The problem:
The answer must be an exact printing of every record below, with the pictures omitted.

Records provided:
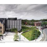 The Daniels Building at the University of Toronto embodies a holistic approach to urban design and sustainability. As the new home for the John H. Daniels Faculty of Architecture, Landscape, and Design, its purpose is to engage students and the broader community in dialogue about the built environment. At the center of one of Toronto’s few circular parcels, the project anchors the southwest corner of the University and opens the circle to the public after years of inaccessibility. It restores the historic building while integrating a new addition with integrated stormwater management, a green roof, voided-slab floors, and ample daylight.
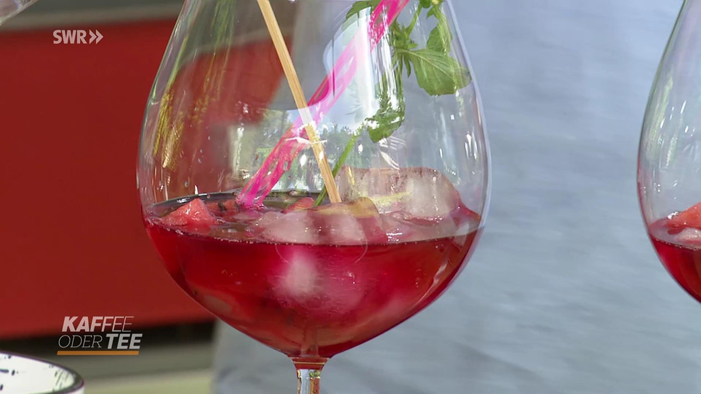 7. Die gefrorenen Melonenwürfel und den Eistee in Gläser (à etwa 300 ml Inhalt) geben und mit je einem Zweig Pfefferminze oder Zitronenmelisse und je einem Holzspieß und Strohhalm garnieren.
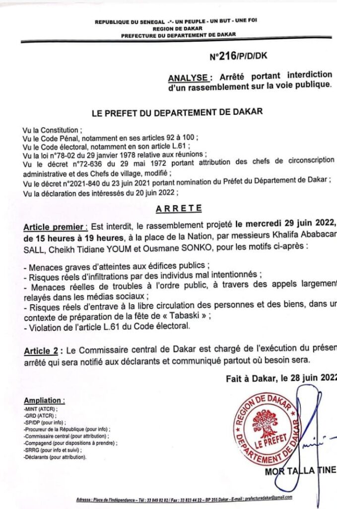 A Kaolack, les motifs le préfet parle de “non-respect du délai de déclaration prescrit par la réglementation, renseignements relatifs à l’identification des déclarants incomplets et menaces de troubles à l’ordre public”.
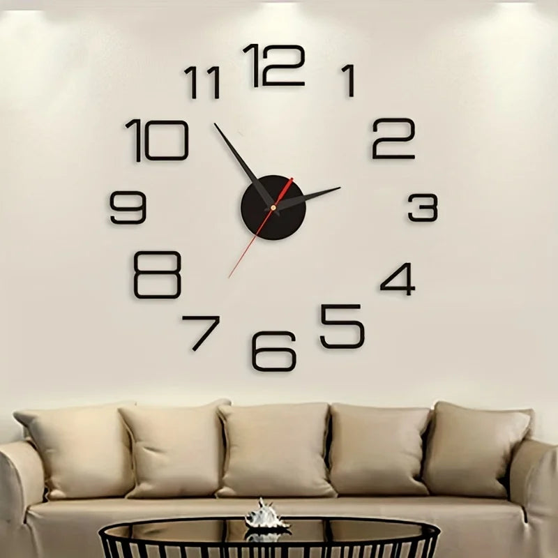 Reloj de pared grande 3D de diseño moderno, cronógrafo de cuarzo artesanal, pegatinas de espejo acrílico, decoración del hogar y sala de estar, 2024
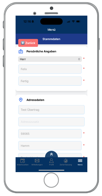 In diesem Bereich werden Ihnen Ihre eigenen Daten aus Ihrer Mitarbeiterakte aufgelistet.
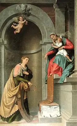 Mystic Marriage of Saint Catherine or Mystic Betrothal of Saint Catherine is a 1567-1570 oil on panel painting by Giovanni Battista Moroni, produced for the side-altar of Catherine of Alexandria in the church of San Bartolomeo, parish church of Almenno San Bartolomeo, where it still hangs. It is signed at lower right IO:BAP.MORONUS.P.[1] The church had been begun in 1520 through the will of Giorgio Rota, but work lapsed until restarting in 1562. The painting draws on the composition of Moretti's 1539 Rovelli Altarpiece.
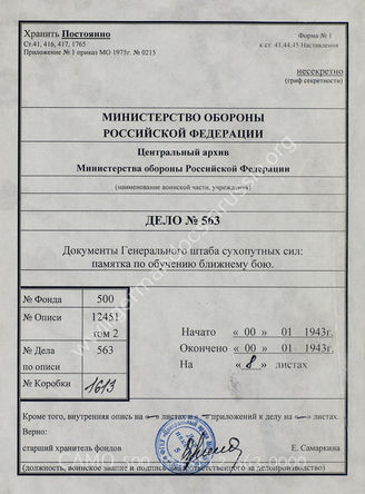 Akte 563: Unterlagen des Chefs des Ausbildungswesens im Ersatzheer beim Chef der Heeresrüstung und Befehlshaber des Ersatzheeres im OKH: Merkblatt für die Nahkampfausbildung
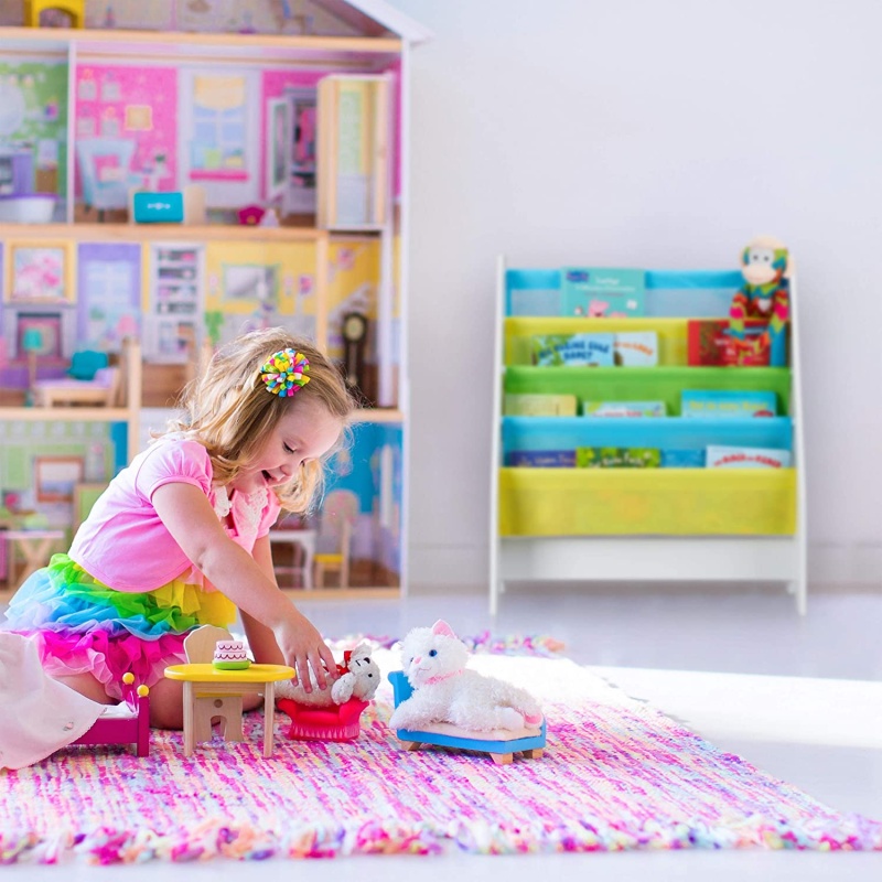 Тази практична Детска етажерка с 4 отделения за книги Ви помага да предадете радостта от четенето на децата.
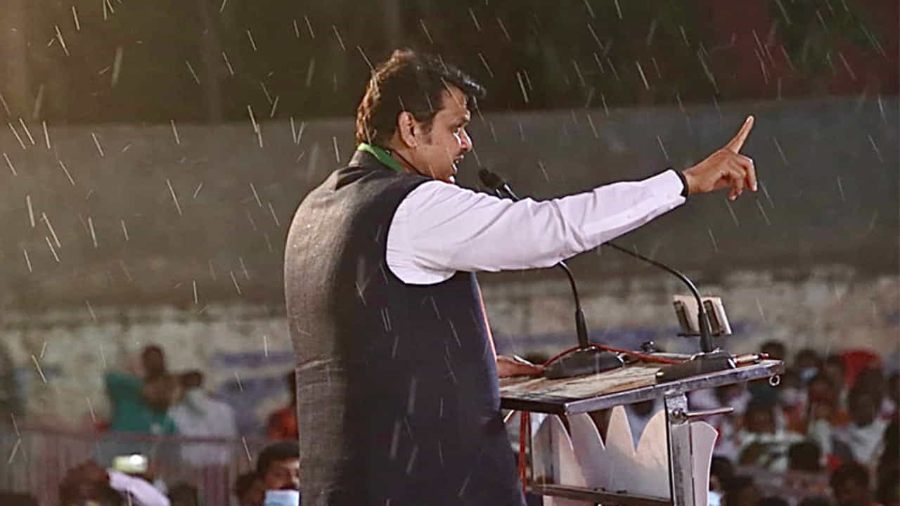 (In Pandharpur, Devendra Fadnavis addresses rally in rain)
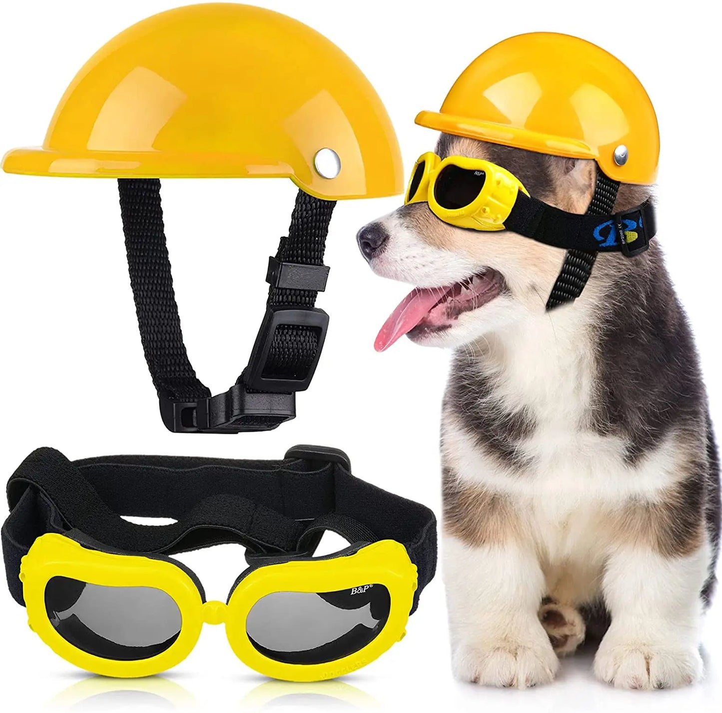 Pet Dog Helmet and Goggles,Doggie Cap Hat Dog Sunglasses for Riding Motorcycles Safety Protection of Outdoor Activities Pet
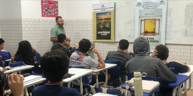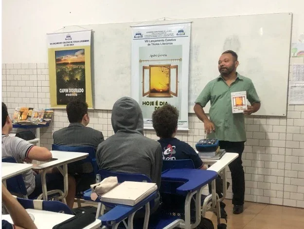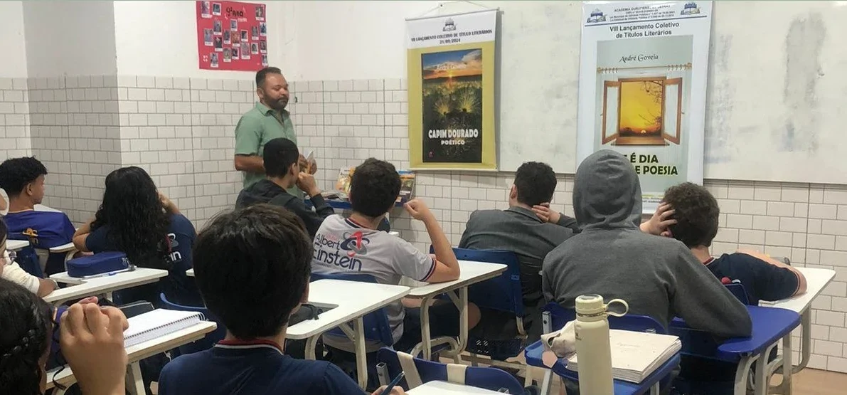 No último dia 18, o Colégio Albert Einstein, em Palmas, recebeu a visita ilustre do  poeta e professor André Goveia,  que foi a atração especial do  sarau literário “Vozes do Cerrado: Cantos, Contos e Encantos do Tocantins“. Na oportunidade, Goveia participou de uma roda de conversa literária, onde  falou um pouco da sua trajetória cultural e destacou a importância da leitura na formação intelectual dos alunos.
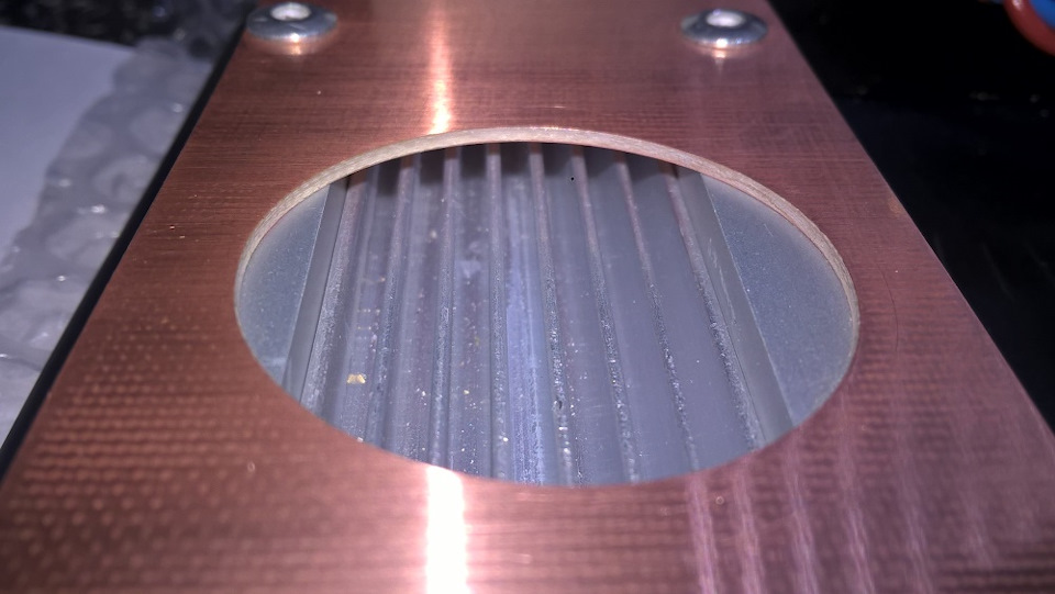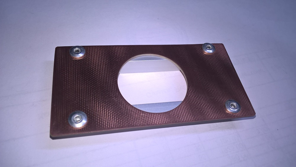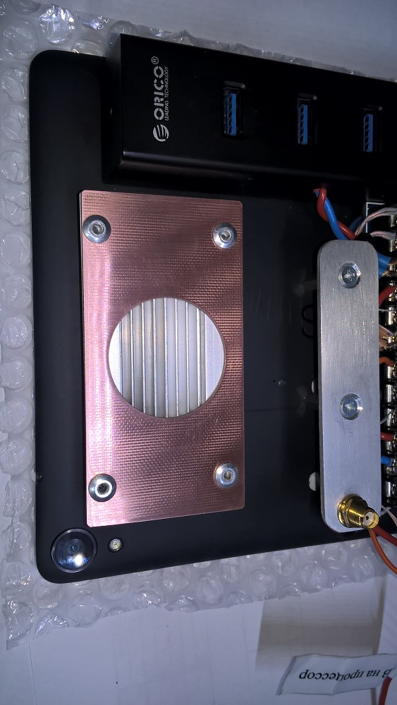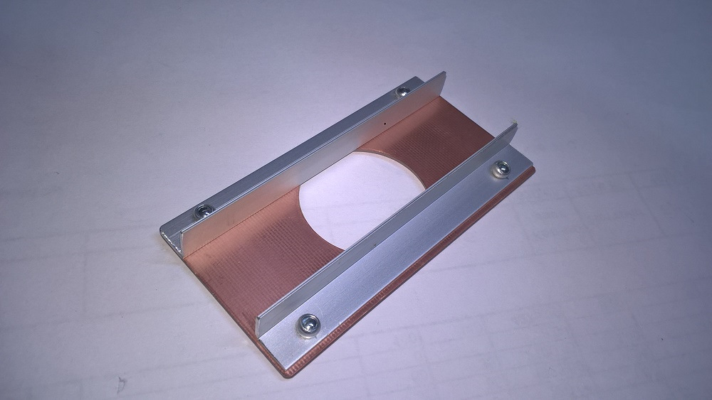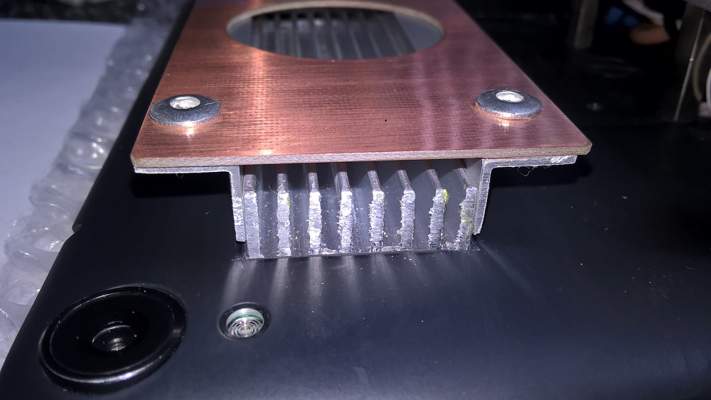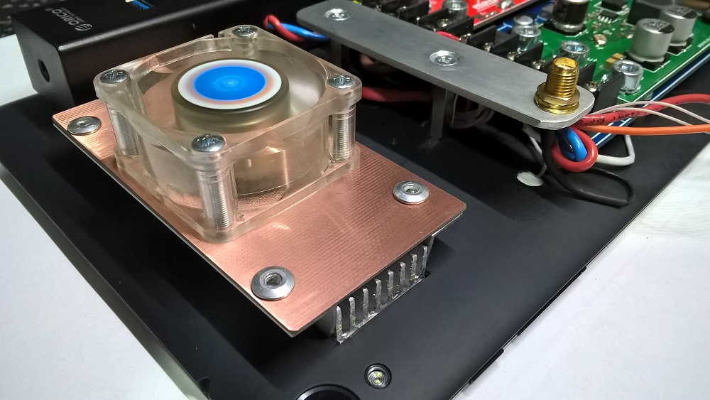 Радиатор низкопрофильный, ребристый, вытянутой формы, шириной 25 мм. Для лучшего обдува накрыл его крышкой из стеклотекстолита, поставив вентилятор 40 х 40 х 20 мм. Воздух подаётся на поверхность радиатора и выдувается с его торцов.

Finished task:
 The Daniels Building at the University of Toronto embodies a holistic approach to urban design and sustainability. As the new home for the John H. Daniels Faculty of Architecture, Landscape, and Design, its purpose is to engage students and the broader community in dialogue about the built environment. At the center of one of Toronto’s few circular parcels, the project anchors the southwest corner of the University and opens the circle to the public after years of inaccessibility. It restores the historic building while integrating a new addition with integrated stormwater management, a green roof, voided-slab floors, and ample daylight.
 7. Die gefrorenen Melonenwürfel und den Eistee in Gläser (à etwa 300 ml Inhalt) geben und mit je einem Zweig Pfefferminze oder Zitronenmelisse und je einem Holzspieß und Strohhalm garnieren.
 A Kaolack, les motifs le préfet parle de “non-respect du délai de déclaration prescrit par la réglementation, renseignements relatifs à l’identification des déclarants incomplets et menaces de troubles à l’ordre public”.
 Reloj de pared grande 3D de diseño moderno, cronógrafo de cuarzo artesanal, pegatinas de espejo acrílico, decoración del hogar y sala de estar, 2024
 In diesem Bereich werden Ihnen Ihre eigenen Daten aus Ihrer Mitarbeiterakte aufgelistet.
 Mystic Marriage of Saint Catherine or Mystic Betrothal of Saint Catherine is a 1567-1570 oil on panel painting by Giovanni Battista Moroni, produced for the side-altar of Catherine of Alexandria in the church of San Bartolomeo, parish church of Almenno San Bartolomeo, where it still hangs. It is signed at lower right IO:BAP.MORONUS.P.[1] The church had been begun in 1520 through the will of Giorgio Rota, but work lapsed until restarting in 1562. The painting draws on the composition of Moretti's 1539 Rovelli Altarpiece.
 Akte 563: Unterlagen des Chefs des Ausbildungswesens im Ersatzheer beim Chef der Heeresrüstung und Befehlshaber des Ersatzheeres im OKH: Merkblatt für die Nahkampfausbildung
 Тази практична Детска етажерка с 4 отделения за книги Ви помага да предадете радостта от четенето на децата.
 (In Pandharpur, Devendra Fadnavis addresses rally in rain)
 Pet Dog Helmet and Goggles,Doggie Cap Hat Dog Sunglasses for Riding Motorcycles Safety Protection of Outdoor Activities Pet
 No último dia 18, o Colégio Albert Einstein, em Palmas, recebeu a visita ilustre do  poeta e professor André Goveia,  que foi a atração especial do  sarau literário “Vozes do Cerrado: Cantos, Contos e Encantos do Tocantins“. Na oportunidade, Goveia participou de uma roda de conversa literária, onde  falou um pouco da sua trajetória cultural e destacou a importância da leitura na formação intelectual dos alunos.
 Радиатор низкопрофильный, ребристый, вытянутой формы, шириной 25 мм. Для лучшего обдува накрыл его крышкой из стеклотекстолита, поставив вентилятор 40 х 40 х 20 мм. Воздух подаётся на поверхность радиатора и выдувается с его торцов.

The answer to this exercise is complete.